- [Given data]:
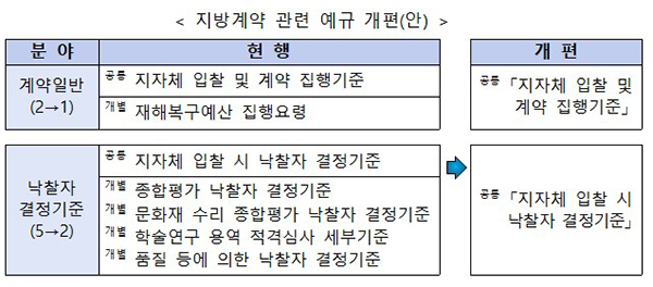 이에 복잡한 지방계약 예규 체계를 전면 개편, 7개의 예규를 2개로 통폐합하고 계약목적물별로 중복 규정된 내용과 서식 등을 대폭 정비하고 간소화했다.
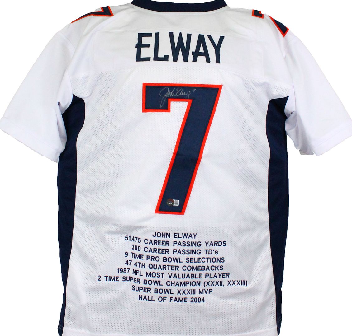 John Elway Signed Career Highlight Stat Jersey (Beckett)
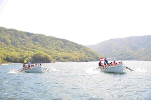 声をそろえ、力を合わせて櫂を漕ぎます。

- [Exercise]: What is needed is a word-for-word copy of the data above, free of any images.

- [Exercise response]:
 이에 복잡한 지방계약 예규 체계를 전면 개편, 7개의 예규를 2개로 통폐합하고 계약목적물별로 중복 규정된 내용과 서식 등을 대폭 정비하고 간소화했다.
 John Elway Signed Career Highlight Stat Jersey (Beckett)
 声をそろえ、力を合わせて櫂を漕ぎます。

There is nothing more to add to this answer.